The following screenshot shows a TMA scenario using simulated data. The ownship track is shown in Blue, the truth target track is shown in Red, and the generated solution is shown in Yellow. The range error between truth and generated track is shown in the Range vs Time Plot at the foot of the image. The scenario is particularly challenging, given that there are more target manoeuvres than ownship manoeuvres, the target is quite distant, and the bearing rates are relatively low.
SATC scenarios are managed from within the Maintain Contributions view within Debrief. This view opens automatically when a new scenario is created.
The following sections describe the three parts of the Maintain Contributions View
Preferences. This panel provides overall control of the scenario.
Auto-Recalc of Constraints
This toggle button tells SATC whether it should recalculate the constraints each time a contribution is changed
Actually calculating the solution can take up to several minutes, so the overall solution is only calculated when this button is pressed
Used to indicate which of the three precision levels are required in solution generation.
Analyst Contributions. This contains a list of the contributions provided by the analyst. For each contribution, this data is present:
Each contribution is presented inside it's own screen object. The contribution name is provided at the top-left of this block
Some contributions have hard constraints. In the earlier screenshot you can see that the Speed Forecast has hard constraints of 5-15 knots. No solution will go outside these bounds.
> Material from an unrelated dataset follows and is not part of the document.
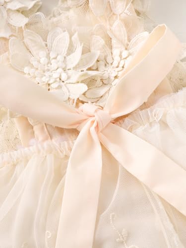 Baby Girl 1st Birthday Outfit Boho Lace Tulle Romper Cake Smash Princess Dress with Headband 6

Where an estimate is provided, it is shown here. For the Speed Forecast in the earlier screenshot, you can see that an estimate of 13 knots has been provided. So, solutions will be favoured if they have a target speed nearer to 13 knots.
The weighting is a way of the analyst tuning the TMA process. Higher weightings figure more strongly in the generated solutions.
Use this to delete a contribution. It will also disappear from the Layer Manager.
Performance. The performance graph is an indication of progress of the SATC algorithm, as a series of states along the whole solution. For each timed state object the graph shows one or more bars. A bar is shown for each contribution that is capable of calculating solution error - with some error scores shown per state (such as for Bearing Measurement Contribution) or an error shown for a whole leg (such as for an estimated leg speed). The error shown is normalised to a zero-one value within the allowable min/max range (or bearing error for bearing data), then scaled according to the weighting value for that contribution.
Analysis support. In the toolbar for the Maintain Contributions view is a button to export a summary of the scenario to the clipboard in CSV format. This format includes a series of x,y, date-time, course, speed ownship state measurements, followed by a series of time-stamped bearings. The X/Y and date-time have been made relative to an arbitrary location to hide any potentially sensitive data. Access to the data eases the task of externally analysing the scenario.